■ Dataset excerpts ■
***
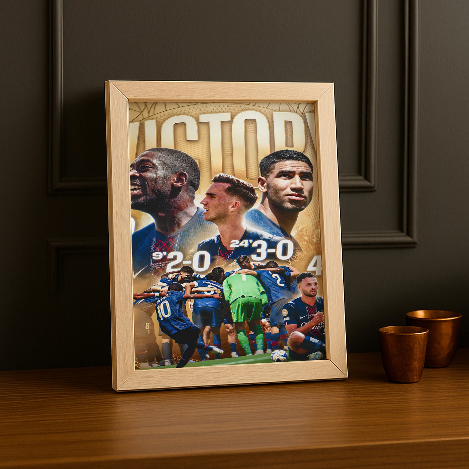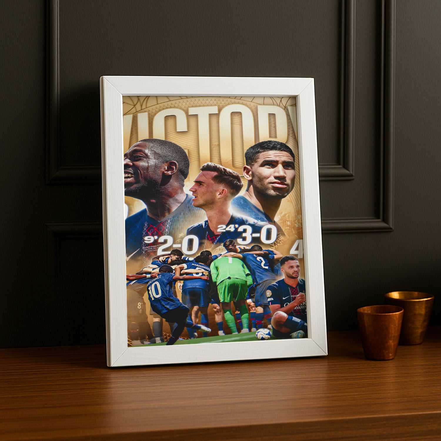 Immortalisez la victoire mémorable du Paris Saint-Germain contre le Real Madrid avec ce cadre photo plein de peps ! Parfait pour les fans qui veulent afficher fièrement ce moment de triomphe avec une touche de fun et de bonne humeur. Un souvenir joyeux à accrocher chez vous ou à offrir !
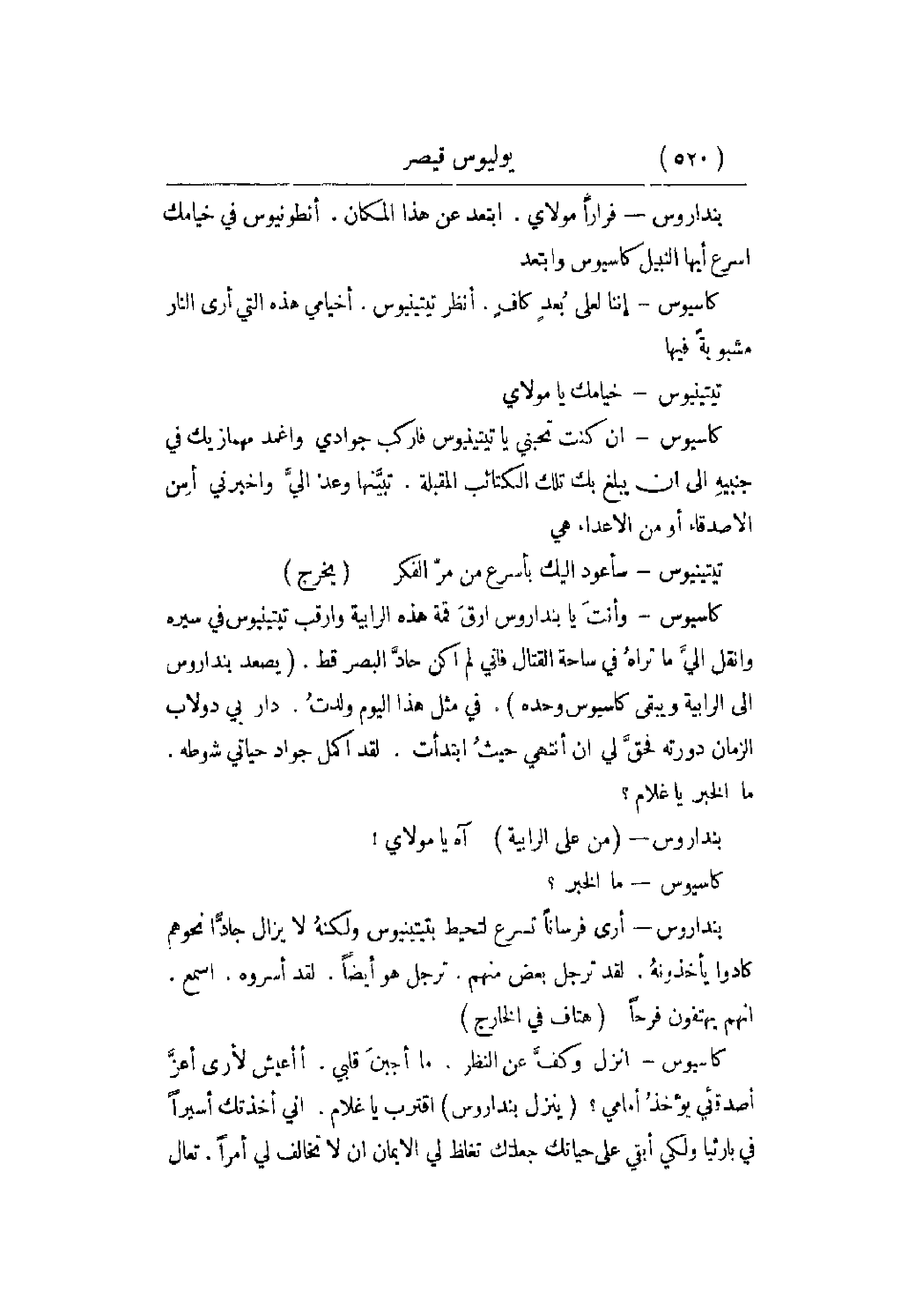 كاسيوس - وأنتَ يا بنداروس أرقَ قمة هذه الرابية وارقب تيتينيوس في سيره وانقل إليَّ ما تراهُ في ساحة القتال فإني لم أكن حادَّ البصر قط. يصعد بنداروس إلى الرابية ويبقى كاسيوس وحده في مثل هذا اليوم ولدتُ. دار بي دولاب الزمان دورته فحقَّ لي أن أنتهي حيثُ ابتدأتز لقد أكمل جواد حياتي شوطه. ما الخبر يا غلام؟
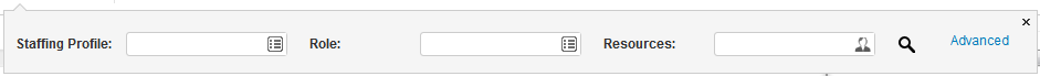 and then Advanced if you want to use filters other than Staffing Profile, Role, and Resources.The Search for Staffing Profile Positions dialog displays.
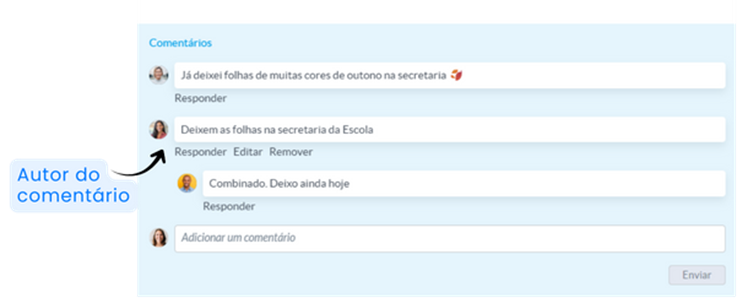 - O autor do comentário pode sempre editar ou remover o seu comentário. As restantes entidades podem visualizar e responder aos comentários.
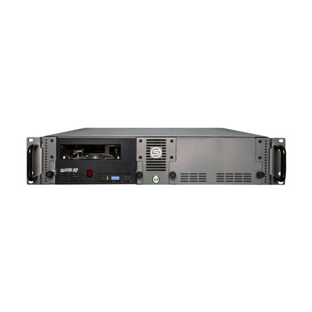 Symply SymplyPRO Ethernet LTO-10 Rackmount Tape Drive Key Features 1 x Full-Height LTO-10 Tape Drive Dual 10GbE SFP LC Interfaces 12 Gb/s SFF-8644 Expansion Port Native Transfer Speeds up to 400 MB/s 30TB Native LTO-10 Tape Capacity 75TB Compressed Tape Capacity at 2.5:1 Supports Two External SAS Tape Drives Supports 256-Bit Encryption & WORM Media LTFS Drag-and-Drop Compatible 2 RU Form Factor The SymplyPRO Ethernet LTO-10 Rackmount Tape Drive from Symply is a compact, high capacity solution for backup and archiving applications. Its 2 RU form factor features a full-height LTO-10 tape drive that supports a native capacity of 30TB and read/write speeds of up to 400 MB/s. Or take advantage of 2.5:1 compression, which allows LTO-10 tapes to store up to 75TB with read/write speeds of up to 900 MB/s. System connectivity is established using dual 10GbE SFP LC interfaces, while a 12 Gb/s SFF-8644 SAS expansion port lets you connect up to two SAS tape drives. Also supported is 256-bit encryption and WORM media.
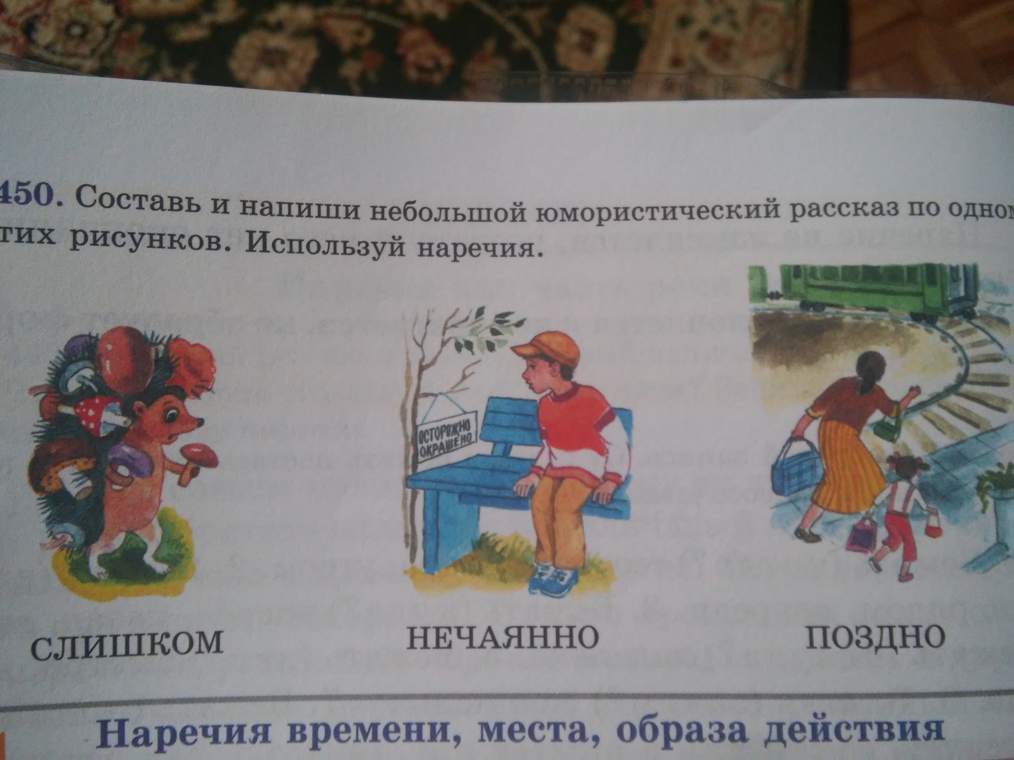Составь и напиши небольшой юмористический рассказ по одному из этих рисунков. Используй наречия.
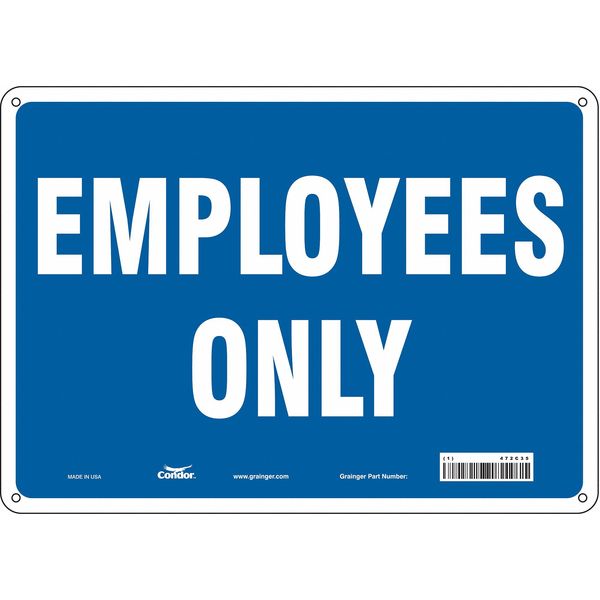 SKU G5185341Categories SafetyDescription Safety Sign, Horizontal Rectangle, Number of Printed Sides 1, English, Sign Format Other Format, Sign Legend Employees Only, Sign Legend Background Color Blue, Sign Legend Style TextgraingerSKU: 472C35, mscSKU: , zoro_no: G5185341, mongo_id: 65bbe80722d7a989a98d141b
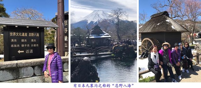忍野八海是日本山梨县忍野村的涌泉群。因为错落有致地散布着八个清泉, “忍野八海” 因而得名。八个清澈的泉水来自富士山融化的雪水, 2013年6月被收为世界文化遗产。有日本九寨沟之称,当然比不上我国四川九寨沟之美,因有富士山之衬托,它也有另类美丽。这里的许多村屋屋顶是用树皮削成细条如同禾秆草一样,别有一翻风情。
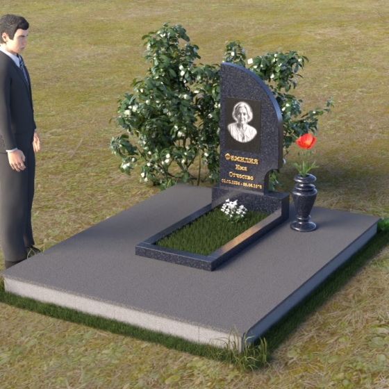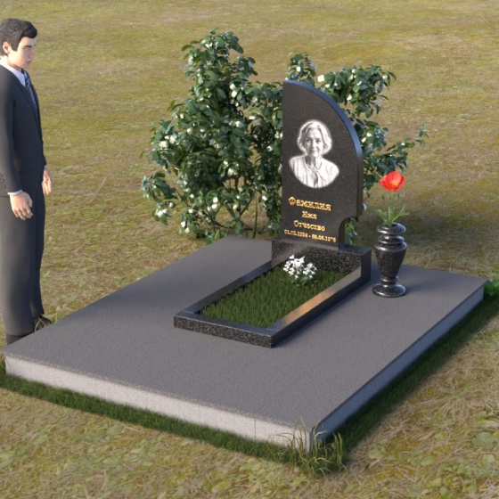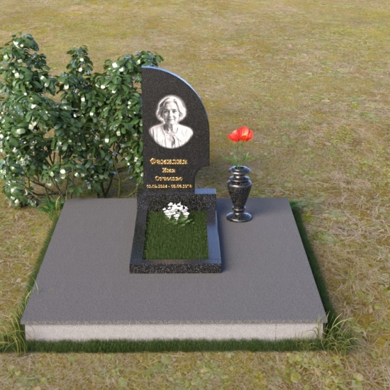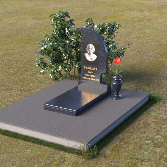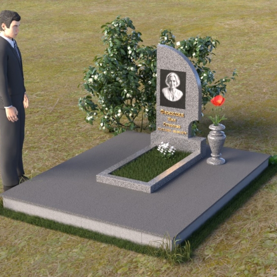 В основе этого мемориального комплекса лежит прочный и долговечный гранит. Этот материал известен своей исключительной стойкостью к атмосферным воздействиям, перепадам температур и механическим повреждениям. Гранит практически не впитывает влагу, что делает его морозостойким и предотвращает образование трещин в зимний период. Зеркальная полировка, достигнутая благодаря тщательному шлифованию, придает камню благородный блеск и подчеркивает его природную красоту. Плотность гранита гарантирует, что изображение и надписи, нанесенные на поверхность, сохранят свою четкость и яркость на долгие годы, не подвергаясь выцветанию или истиранию. Фундамент и горизонтальная плита, выполненные из того же гранита, обеспечивают устойчивость всей конструкции, символизируя незыблемость памяти и уважения. Массивность и основательность исполнения говорят о том, что этот памятник простоит века, оберегая покой ушедшего.
***
Please provide a faithful transcription of all the data, pictures excluded.

■ Solution to the problem ■
 Immortalisez la victoire mémorable du Paris Saint-Germain contre le Real Madrid avec ce cadre photo plein de peps ! Parfait pour les fans qui veulent afficher fièrement ce moment de triomphe avec une touche de fun et de bonne humeur. Un souvenir joyeux à accrocher chez vous ou à offrir !
 كاسيوس - وأنتَ يا بنداروس أرقَ قمة هذه الرابية وارقب تيتينيوس في سيره وانقل إليَّ ما تراهُ في ساحة القتال فإني لم أكن حادَّ البصر قط. يصعد بنداروس إلى الرابية ويبقى كاسيوس وحده في مثل هذا اليوم ولدتُ. دار بي دولاب الزمان دورته فحقَّ لي أن أنتهي حيثُ ابتدأتز لقد أكمل جواد حياتي شوطه. ما الخبر يا غلام؟
 and then Advanced if you want to use filters other than Staffing Profile, Role, and Resources.The Search for Staffing Profile Positions dialog displays.
 - O autor do comentário pode sempre editar ou remover o seu comentário. As restantes entidades podem visualizar e responder aos comentários.
 Symply SymplyPRO Ethernet LTO-10 Rackmount Tape Drive Key Features 1 x Full-Height LTO-10 Tape Drive Dual 10GbE SFP LC Interfaces 12 Gb/s SFF-8644 Expansion Port Native Transfer Speeds up to 400 MB/s 30TB Native LTO-10 Tape Capacity 75TB Compressed Tape Capacity at 2.5:1 Supports Two External SAS Tape Drives Supports 256-Bit Encryption & WORM Media LTFS Drag-and-Drop Compatible 2 RU Form Factor The SymplyPRO Ethernet LTO-10 Rackmount Tape Drive from Symply is a compact, high capacity solution for backup and archiving applications. Its 2 RU form factor features a full-height LTO-10 tape drive that supports a native capacity of 30TB and read/write speeds of up to 400 MB/s. Or take advantage of 2.5:1 compression, which allows LTO-10 tapes to store up to 75TB with read/write speeds of up to 900 MB/s. System connectivity is established using dual 10GbE SFP LC interfaces, while a 12 Gb/s SFF-8644 SAS expansion port lets you connect up to two SAS tape drives. Also supported is 256-bit encryption and WORM media.
Составь и напиши небольшой юмористический рассказ по одному из этих рисунков. Используй наречия.
 SKU G5185341Categories SafetyDescription Safety Sign, Horizontal Rectangle, Number of Printed Sides 1, English, Sign Format Other Format, Sign Legend Employees Only, Sign Legend Background Color Blue, Sign Legend Style TextgraingerSKU: 472C35, mscSKU: , zoro_no: G5185341, mongo_id: 65bbe80722d7a989a98d141b
忍野八海是日本山梨县忍野村的涌泉群。因为错落有致地散布着八个清泉, “忍野八海” 因而得名。八个清澈的泉水来自富士山融化的雪水, 2013年6月被收为世界文化遗产。有日本九寨沟之称,当然比不上我国四川九寨沟之美,因有富士山之衬托,它也有另类美丽。这里的许多村屋屋顶是用树皮削成细条如同禾秆草一样,别有一翻风情。
 В основе этого мемориального комплекса лежит прочный и долговечный гранит. Этот материал известен своей исключительной стойкостью к атмосферным воздействиям, перепадам температур и механическим повреждениям. Гранит практически не впитывает влагу, что делает его морозостойким и предотвращает образование трещин в зимний период. Зеркальная полировка, достигнутая благодаря тщательному шлифованию, придает камню благородный блеск и подчеркивает его природную красоту. Плотность гранита гарантирует, что изображение и надписи, нанесенные на поверхность, сохранят свою четкость и яркость на долгие годы, не подвергаясь выцветанию или истиранию. Фундамент и горизонтальная плита, выполненные из того же гранита, обеспечивают устойчивость всей конструкции, символизируя незыблемость памяти и уважения. Массивность и основательность исполнения говорят о том, что этот памятник простоит века, оберегая покой ушедшего.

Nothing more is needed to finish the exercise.